The whole edifice of modern financial theory is, as described earlier, founded on a few simplifying assumptions. It presumes that homo economicus is rational and self-interested. Wrong, suggests the experience of the irrational, mob-psychology bubble and burst of the 1990s. A further assumption: that price variations follow the bell curve. Wrong, suggests the by-now widely accepted research of me and many others since the 1960s. And now the next assumption wobbles: that price variations are what statisticians call i.i.d., independently and identically distributed—like the coin game with each toss unaffected by the last. Evidence for short-term dependence has already been mounting. And now comes the increasingly accepted but still confusing evidence of long-term dependence. Some economists, when thinking about long memory, are concerned that it undercuts the Efficient Market Hypothesis that prices fully reflect all relevant information; that the random walk is the best metaphor to describe such markets; and that you cannot beat such an unpredictable market. Well, the Efficient Market Hypothesis is no more than that, a hypothesis. Many a grand theory has died under the onslaught of real data.

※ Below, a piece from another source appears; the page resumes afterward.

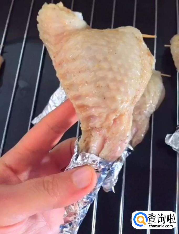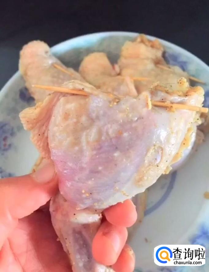 接着我们用腌好的鸡翅装上炒好的蛋炒饭,装八分满即可,用牙签封口,然后将鸡翅尖用锡纸包上防止烤糊

Under the efficient markets hypothesis, it is assumed that stock prices in the market follow a “random walk”, where prices today are independent of prices of yesterday. Mandelbrot’s research of fractal dynamics in stock market prices has indicated evidence of long-term dependence in the markets, where prices of a stock from many years back can still impact and influence its prices today.
How can we use it? I have no clue myself or I’ll be dedicating my full awake time towards gaming the markets. But what we can take away, from a broader perspective, is that the same statistical models and tools we use to calculate risk and safety (that we learned in business school) cannot be taken to be foolproof.